According to the American historian Paula Findeln, Kircher was “the first scholar with a worldwide reputation”. His reached this significance with a twofold strategy: he took information from his own research and experiments and added information to it which he had collated from his correspondence with over 760 other scientists, physicists and, above all, his fellow Jesuits across the globe. Through this Athanasius Kircher’s knowledge was “from a modern perspective, a mixture of the results of genuine experiments, calculated relationship management, forward-looking intuition, pure speculation and impressive marketing”, as Wikipedia summarises it. For Kircher at any rate, knowledge regularly arose on the basis of intuition and seldom as a detailed knowledge which was carved in stone and proven for all time. So as a Jesuit, he naturally had to represent the Tychonic world model with the Earth at the centre, yet the Copernican model frequently appears in his works. Knowledge was potential, an idea, a comparison, a new approach. But consequently: his contemporary Descartes plainly considered Kircher to be “more of a charlatan than a scholar” who was “possessed of an abnormal faculty of imagination”.
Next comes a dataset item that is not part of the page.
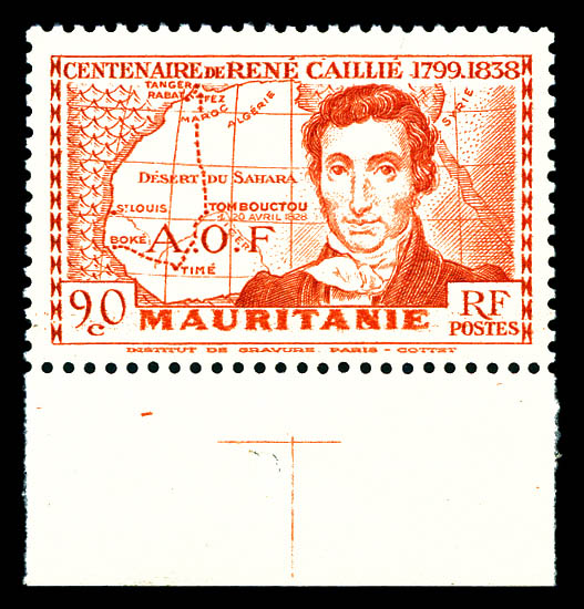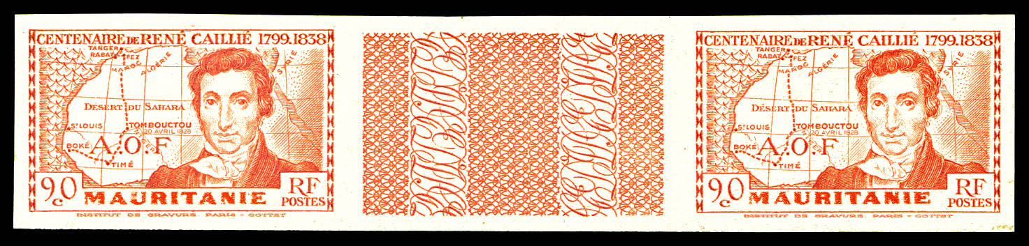 3696 nh imageN°95, 90c René Caillé, paire non dentelée avec interpanneau dont Variété Grande légende, 10 exemplaires connus. SUPERBE. R.R. (certificat) Qualité: ** (Image)

An abnormal imagination? I follow some 200 blogs plus countless amounts of “knowledge” about all possible topics concerning marketing, communication and more every day on the social platforms I use. In doing so I experience these three things over and over again:

  1. I will never know everything about a particular topic. Too much new knowledge is added to it daily. And I’m interested in too many topics. So I always take every decision and commit myself to every viewpoint on the basis of insufficient “knowledge”.
  2. I can only rarely be certain that the knowledge that I take on in Descartes’ fashion is provable. My knowledge shapes itself in comparison to the various opinions and views of others. And always on a daily basis. New opinions change my view like the colour mosaic pieces in my childhood kaleidoscope, which changed every time I shook it.
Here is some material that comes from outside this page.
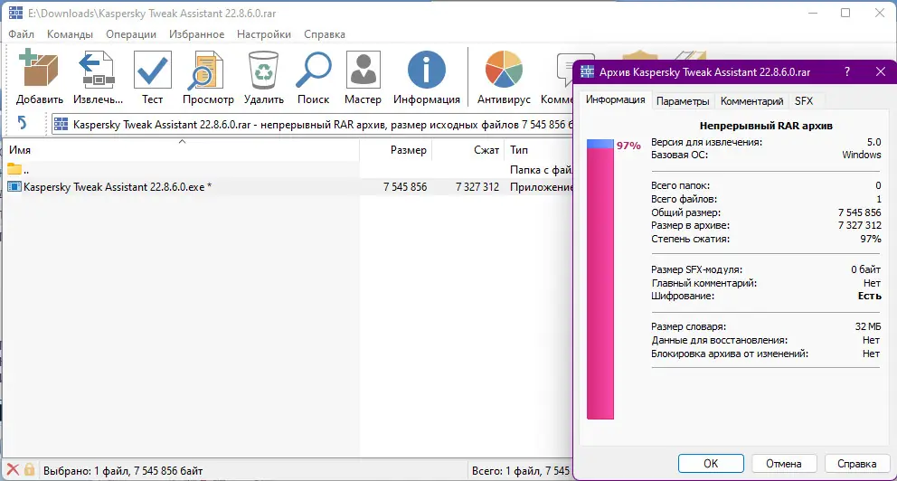 Обратите внимание, что программа упакована в архив и может быть заблокирована антивирусом — в таком случае добавьте её в исключения.

  3. The stacked up and retained “paper knowledge” always starts to totter especially violently when ideas and visions appeal not only to my rational understanding but also to my sensory imagination.
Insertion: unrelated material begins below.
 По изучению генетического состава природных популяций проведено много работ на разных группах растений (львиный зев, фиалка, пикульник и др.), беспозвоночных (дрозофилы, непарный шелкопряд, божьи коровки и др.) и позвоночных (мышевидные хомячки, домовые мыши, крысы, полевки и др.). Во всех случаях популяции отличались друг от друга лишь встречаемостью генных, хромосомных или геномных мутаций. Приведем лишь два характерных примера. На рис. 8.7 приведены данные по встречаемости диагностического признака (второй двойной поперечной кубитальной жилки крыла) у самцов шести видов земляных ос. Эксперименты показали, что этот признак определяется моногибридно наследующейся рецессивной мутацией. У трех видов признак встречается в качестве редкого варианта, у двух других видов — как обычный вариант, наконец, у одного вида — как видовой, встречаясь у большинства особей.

I would be happy to possess the “abnormal faculty of imagination” of Athanasius Kircher, in order to use it to evaluate the incoming knowledge and be able to formulate new insights from out of the crowd and complexity. In times of a surplus of information, and therefore potential knowledge, we need less skill to justify the “excess” rationally as well. Instead we need to establish many more “abnormal imagination” nexuses, in order to let in new experiences and insights on a daily basis and to recognise the value of ideas and visions. Knowledge as a beta-version, constantly subject to the reality test, always ready to correct itself through new insights and to be revised. We need more recognition that imagination is more important than knowledge. Or to put it another way: more Kircher, less Descartes!